Several come to mind.  Mediated meet-and-confer, for example.  The cost of a failed EDD effort can dwarf the amount in controversy, so it makes sense to turn to neutral, technically adept intermediaries to help resolve nettlesome questions, of scope, search, forms of production and cost sharing.  Folks just behave better when company comes.  I also foresee divergence between discovery and the other traditional phases of litigation.  We may see entirely different teams handle discovery in a zealous but non-confrontational manner, leaving the scorched earth stuff to others.

Another development that will sneak up on most lawyers is the growing marginalization of text.  As natural interfaces emerge—where you will talk or gesture to your computers—and as communication gets more real time and visual, words will manifest conduct less frequently.  Take YouTube.  I don’t get it—to me, it’s silly and boring—but it’s rich and exciting to my kids…and text is tertiary.

Something else that will change is where we look for evidence.  If you were pursuing discovery against a teenager, where would you go to locate their most revealing ESI?   Social networking (virtualized storage)?   Cell phones and laptops (portable devices)?   Gaming devices (alternate platforms)?  In ten years, don’t imagine they won’t favor and extend the tools they grew up with.

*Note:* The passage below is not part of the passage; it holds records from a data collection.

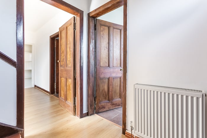 Two further double bedrooms, set to the rear, provide flexible living space, with one featuring a built-in press cupboard.
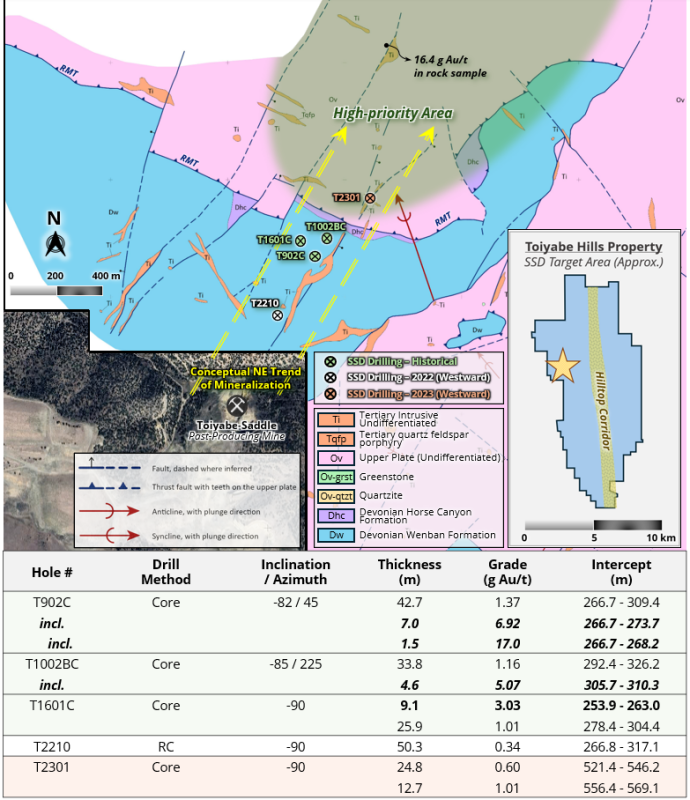 Significant gold intervals reported in historical SSD drilling ranged from 9.1 to 50.3 metres thick at depths of 255 to 570 metres (see Figure 2 below), with notable intervals grading between 0.34 and 3.03 g Au/t (and sub-interval grades of up to 17.0 g Au/t). Mineralization remains open in all directions, particularly to the northeast and northwest which will be a focus for 2026 trench sampling, surface mapping, and drilling.
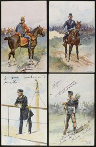 .1900 ca.. POSTALES: .CUSACHS:. .9 POSTALES DE MILITARES, VARIAS A CABALLO.. Alguna manchita. Circuladas.
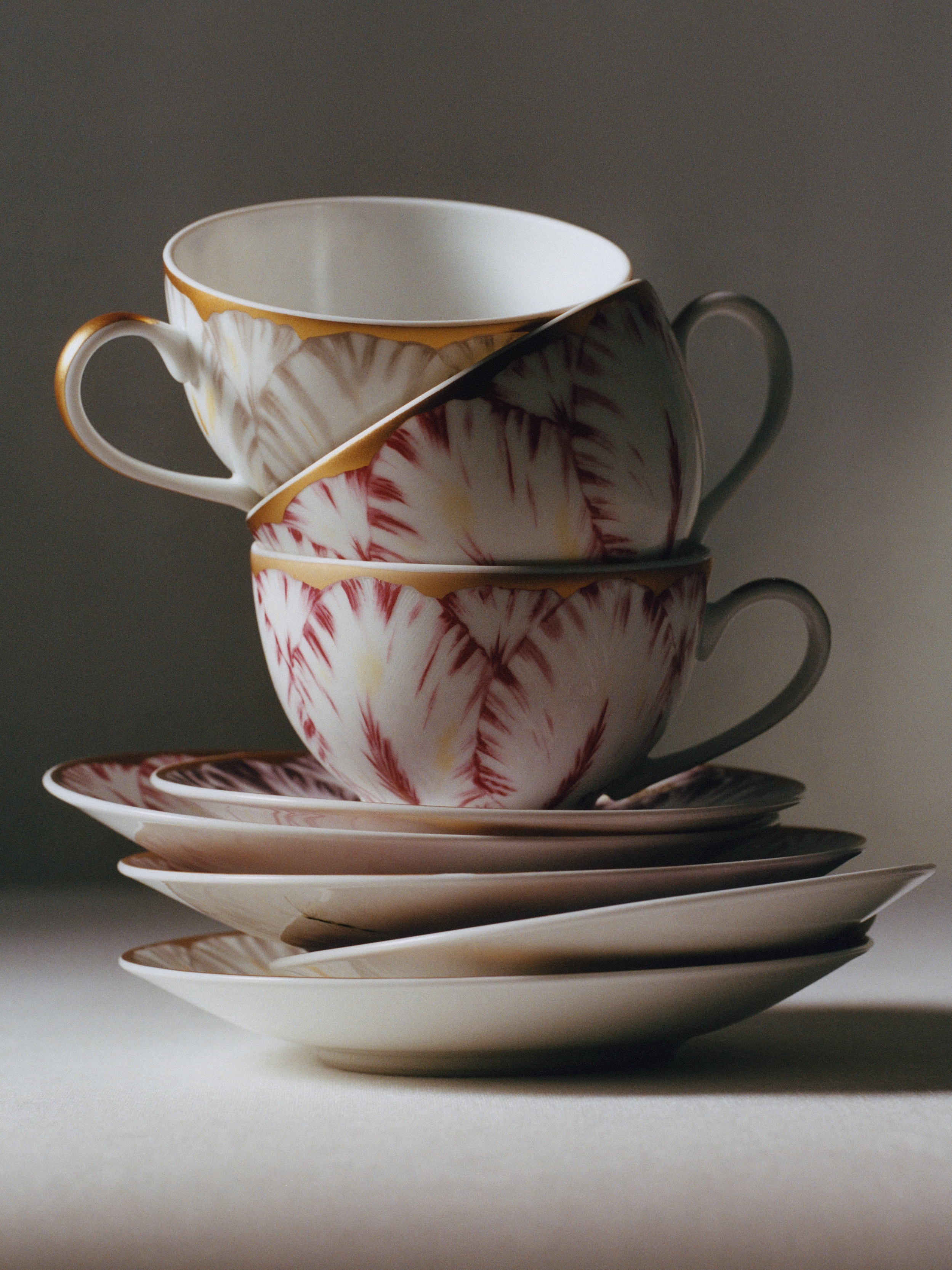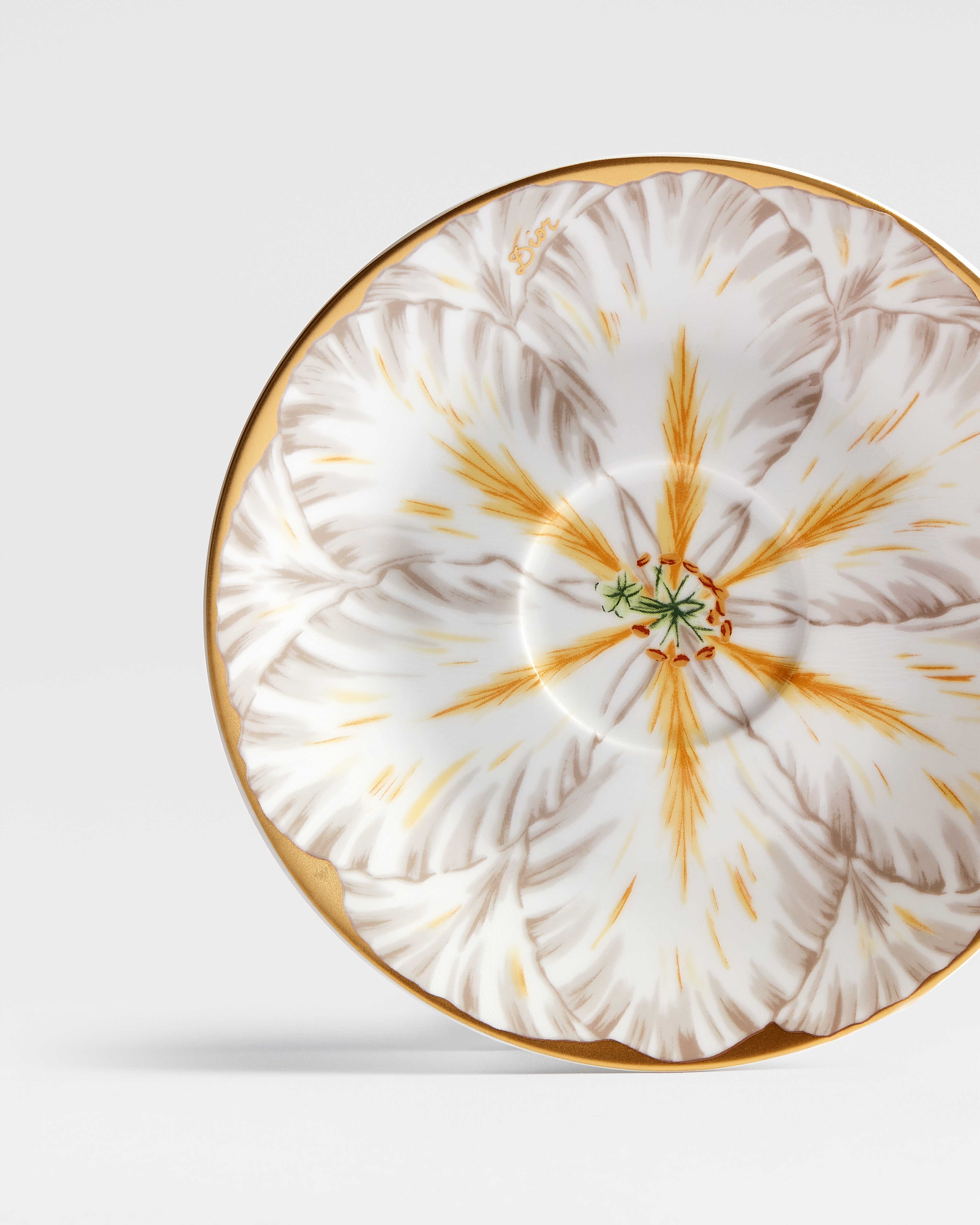 เครื่องเคลือบพอร์ซเลน Limoges ประดับลวดลาย Champs de Tulipes สีเทาและทอง 24 กะรัต

Data is the ultimate portable commodity, so it’s odd we don’t take our computing environments with us. We will. If desktop machines survive, they will be little more than screens with network connectivity temporarily hosting the virtual identities we carry in our pockets or store online. Local hard drives will be an increasingly irrelevant place to search for files as EDD turns to personal storage devices and online storage.

Other trends lawyers may not foresee: People will retain much more data as there will be little incentive and less time to make it go away. “Cheaper to keep her” will be how most of us deal with data.  Location data will be routinely tracked by many devices with GPS functionality on and about our person, so this will become a new and useful evidence stream.  Virtual machines will be used as forms of production.  Local storage will give way to cloud storage.  Hey, I could do this one all day!

4) You have an extensive background in both e-discovery and computer forensics. Do you see a convergence, or will they remain largely separate worlds from a process and technology perspective?

I see convergence already.  “Forensically sound” practices are creeping into EDD harvest and traditionally rigid approaches to disk forensics are being challenged by the practical realities of immense volume and mission-critical operations.   We see the growth of “live” forensics, hash values displacing Bates numbers and operating systems allowing more and more deleted information to be easily resurrected.

The tools and techniques of each discipline are also converging.  But there will remain a distinction between the two flowing from the unique ability of a skilled forensics examiner to distill the bits and bytes into a compelling tale of human strength or frailty.  It’s painfully easy to misread the significance of digital footprints.  There’s a component of science and art to computer forensics that will insure its distinction and growth.

We face convergent challenges, too.  In both forensics and EDD, the lure of lucre pulls in people who really ought to be doing something less harmful.  Lives, liberty, fortunes, and careers hinge on some computer forensic examinations; yet, some schools and tool sellers promote the notion that you can learn what you need to know over a long weekend.  Just as many copy shops decided they were e-discovery experts one dark night, a lot of poorly trained, incurious and careless forensic examiners are popping up all over.  I’m frankly appalled by some of what I see out there.   Where I hope we ultimately converge is a high standard of professionalism and proven expertise.

5) Finally, the question on the mind of every loyal “Ball in Your Court” reader: Which court is it — basketball, tennis, or volleyball?

I’ve never been much for team sports, but if I have to choose, I opt for the one played on the beach by fit, bikini-clad women.  I may be a hopeless nerd, but I’m not stupid.